To know what the computer system is up to we need to know about all of the resources in it - CPU, Memory, and Disks. And we need several different measurements on each resource - number of requests, elapsed times, and queue lengths. We also need an accurate timestamp with each of these measurements, to know when it occurred, and the period of time it covered.

All of this can be relatively easily achieved with SAR - the System Activity Reporter. It will collect and record a wide range of measurements on system resources, and the time when they occurred.

Behind the scenes SAR uses SADC - the System Activity Data Collector. And in fact it is SADC we are more concerned with than SAR. SAR simply extracts and formats the data you want from an SADC data set. We can run SADC to collect all the data it can about the system, at the frequency we want it collected (measurement period) and for the duration we want (how long until). SADC has a very simple set of options to it:
  • /usr/lib/sa/sadc t n file
where
  • t is the time duration between measurements i.e. the frequency
  • n is the number of measurements to make in total
  • file is the name of a file to write these measurements to
To not have SADC tie up a terminal window, it is often run in the background with the '&' specifier at the end of the command line - control then returns to the terminal window. This can also be used in command files and scripts.

The file produced by SACD contains binary data, not text data, and needs SAR to read it and format it as readable text.
  • sar [-data_option] -f file
If no data option is specified it defaults to CPU (-u). The common data options are:
  • -u CPU
  • -d Disk I/O
  • -r Physical Memory
  • -p Virtual Memory Paging
Remember that the SADC file contains all the data collected, so you can analyse any sub-set of this data any time you want to, at any later point in time. That is the benefit of collecting all of the possible measurements together at the same time and then saving them to a file.

You can obviously use SADC to collect data whenever you have performance problems. But it is far better to run SADC all the time, so that you already have the data to analyse after someone reports a problem. One way to do this is to put an entry into a "crontab" file for use by the "cron" utility, which runs jobs at regular intervals. Putting an entry similar to the following into "crontab" for the system administrator for midnight would run SADC for 24 hours collecting measurements every minute. If this is too frequent just modify the time and number values by the same ratio, so that the two multiplied together give 86400 seconds (24 hours).
  • /usr/lib/sa/sadc 60 1440 /usr/adm/sa/`uname -n`_`date +%y%m%d`.sad &
This will create a file named after the system and the current date in a central directory. Make sure there is enough space in that location, or change it to somewhere else. You will need to do housekeeping once in a while to purge and delete old data sets. This could also be done via another "cron" to delete files older than one or two months.

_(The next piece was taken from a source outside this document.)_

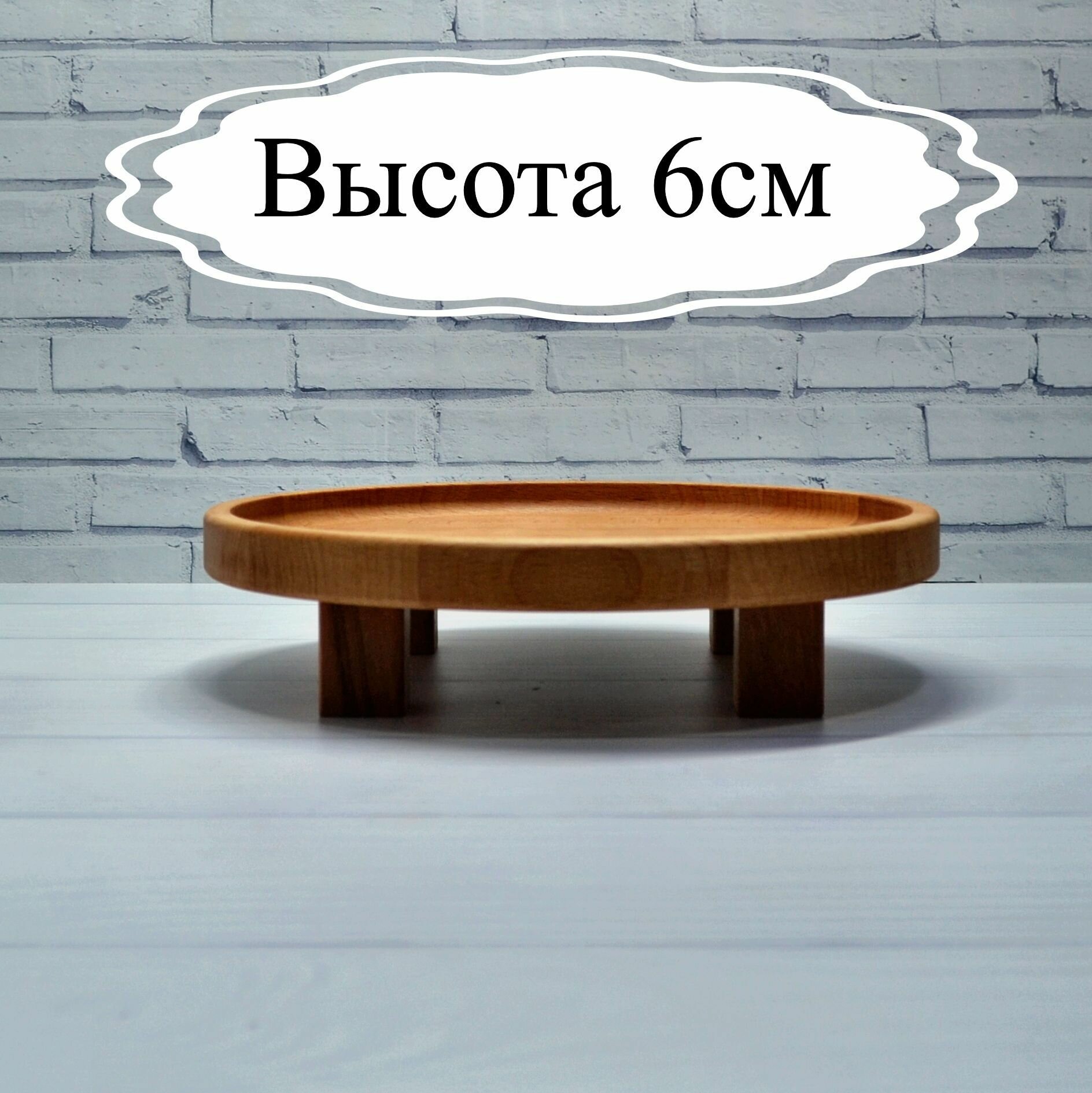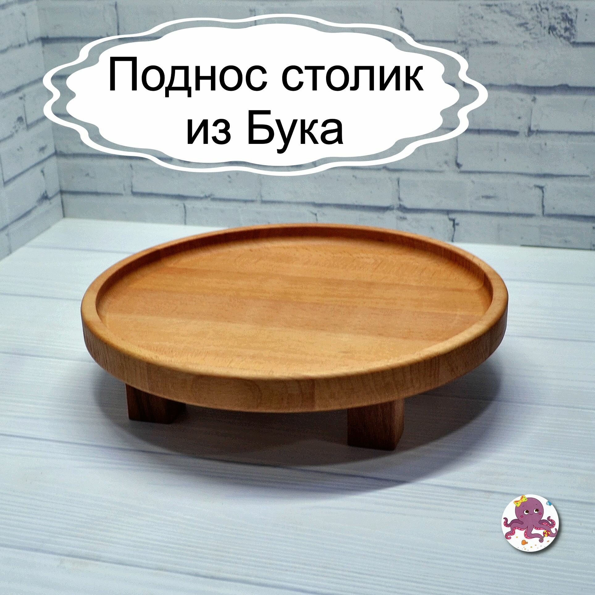 Поднос деревянный на ножках декоративный, поднос круглый из Бука 25 см, Мастерская Осьминожки интересное:

I have found SADC and SAR invaluable in a number of circumstances where I have been able to show that it was the underlying hardware that had performance issues, and not the application itself. And I have used it in the opposite manner too, to show that a poorly performing application was not suffering from running out of system resources or their slow performance. On most UNIX systems the impact of running SADC is minimal, as the UNIX kernel is already collecting all of these measurements anyway. The overhead is simply of SADC reading them from memory and writing them to disk at the frequency requested. And generally this is a very low and negligible overhead, compared to that of the application software itself.